If people start to consider bound checking branches as overhead (which, in some extremely rare limited cases, they are in the right to do so), they should as well understand what happen with e.g. some largely used calling convention such as the one of Windows. Even in optimised builds, a unique_ptr<> for example can have an overhead compared to a raw pointer, IIRC because it forces going through the stack. If I remember my typical latencies correctly, for modern Intel CPU and probably a lot of high perf CPU, that can actually in some cases have a greater impact than an extra bound check...

So if you are in a so performance critical section that you start to care about the "zero overhead" kind of stuff and the cost of your (predicted) bound checks, you might be impacted by this non-zero overhead... (that is falsely widely believed to be zero!)

And don't get me started about debug builds with all mainstream compilers. The performance is then complete utter shit.

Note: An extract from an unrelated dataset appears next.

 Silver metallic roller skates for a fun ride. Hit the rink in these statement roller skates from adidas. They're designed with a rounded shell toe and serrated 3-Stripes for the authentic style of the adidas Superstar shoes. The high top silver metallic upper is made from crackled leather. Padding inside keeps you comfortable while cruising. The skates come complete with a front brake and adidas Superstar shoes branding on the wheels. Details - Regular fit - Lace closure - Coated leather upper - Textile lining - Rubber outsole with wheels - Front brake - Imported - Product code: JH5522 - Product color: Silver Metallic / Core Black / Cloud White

This is made worse by the fact such an unsafe language needs debug builds more...

C++ was an interesting experiment in its domain, and has been and still is a success in some aspects, but honestly given core language modifications are needed to significantly extend the behaviour of core types (like vectors, unique_ptr, strings, etc. -- e.g. with the introduction of rvalue references and all the associated machinery and default constructors and so over), I'm starting to believe there are little advantages of this approach over integrating such fundamental types/concepts in the core language (I'm not advocating to do that for C++, I'm thinking about other/future languages). Then you can have more true "zero overhead" stuffs, whatever that means.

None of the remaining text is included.